[Problem requirements] Pictures stay out; print the rest of the listing below exactly as it stands.

[Information provided]
####

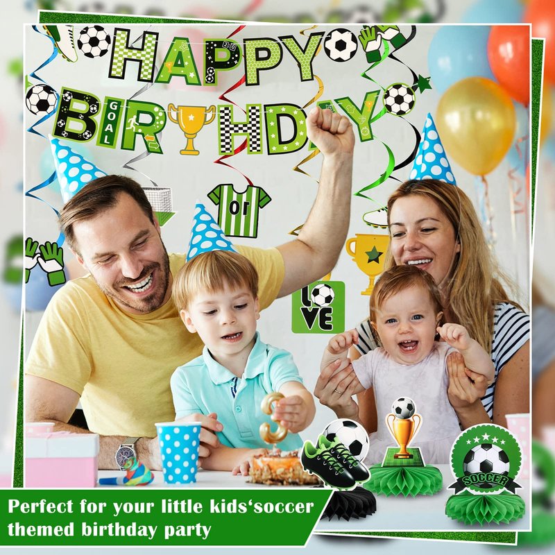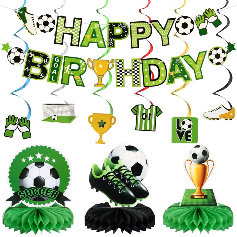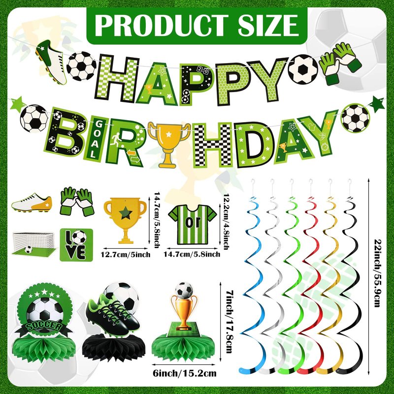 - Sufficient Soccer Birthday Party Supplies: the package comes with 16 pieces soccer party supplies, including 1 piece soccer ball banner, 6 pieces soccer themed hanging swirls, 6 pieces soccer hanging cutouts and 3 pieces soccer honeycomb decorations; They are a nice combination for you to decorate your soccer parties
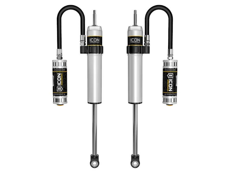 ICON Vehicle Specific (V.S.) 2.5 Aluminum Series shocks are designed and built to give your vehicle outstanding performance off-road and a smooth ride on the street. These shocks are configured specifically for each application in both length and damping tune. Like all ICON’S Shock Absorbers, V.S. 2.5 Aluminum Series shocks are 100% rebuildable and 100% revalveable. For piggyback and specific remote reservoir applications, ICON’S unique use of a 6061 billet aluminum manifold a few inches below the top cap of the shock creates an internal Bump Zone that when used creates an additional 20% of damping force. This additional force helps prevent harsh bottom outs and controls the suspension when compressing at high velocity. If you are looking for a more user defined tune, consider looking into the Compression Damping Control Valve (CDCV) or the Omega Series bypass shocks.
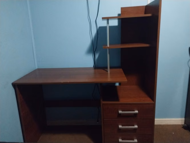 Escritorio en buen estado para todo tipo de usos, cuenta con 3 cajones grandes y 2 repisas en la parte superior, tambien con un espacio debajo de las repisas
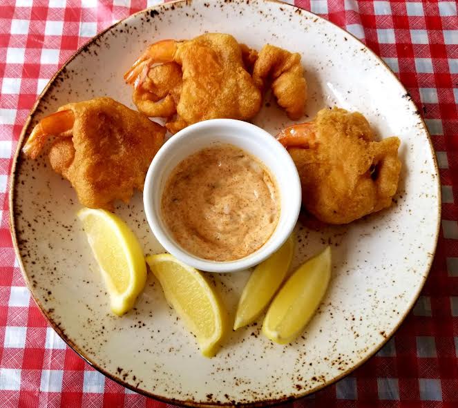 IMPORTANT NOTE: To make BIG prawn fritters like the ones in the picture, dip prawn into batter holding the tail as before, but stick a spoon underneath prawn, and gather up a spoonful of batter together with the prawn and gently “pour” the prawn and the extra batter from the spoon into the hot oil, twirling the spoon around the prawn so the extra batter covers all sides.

####

[Response to the exercise]
 - Sufficient Soccer Birthday Party Supplies: the package comes with 16 pieces soccer party supplies, including 1 piece soccer ball banner, 6 pieces soccer themed hanging swirls, 6 pieces soccer hanging cutouts and 3 pieces soccer honeycomb decorations; They are a nice combination for you to decorate your soccer parties
 ICON Vehicle Specific (V.S.) 2.5 Aluminum Series shocks are designed and built to give your vehicle outstanding performance off-road and a smooth ride on the street. These shocks are configured specifically for each application in both length and damping tune. Like all ICON’S Shock Absorbers, V.S. 2.5 Aluminum Series shocks are 100% rebuildable and 100% revalveable. For piggyback and specific remote reservoir applications, ICON’S unique use of a 6061 billet aluminum manifold a few inches below the top cap of the shock creates an internal Bump Zone that when used creates an additional 20% of damping force. This additional force helps prevent harsh bottom outs and controls the suspension when compressing at high velocity. If you are looking for a more user defined tune, consider looking into the Compression Damping Control Valve (CDCV) or the Omega Series bypass shocks.
 Escritorio en buen estado para todo tipo de usos, cuenta con 3 cajones grandes y 2 repisas en la parte superior, tambien con un espacio debajo de las repisas
 IMPORTANT NOTE: To make BIG prawn fritters like the ones in the picture, dip prawn into batter holding the tail as before, but stick a spoon underneath prawn, and gather up a spoonful of batter together with the prawn and gently “pour” the prawn and the extra batter from the spoon into the hot oil, twirling the spoon around the prawn so the extra batter covers all sides.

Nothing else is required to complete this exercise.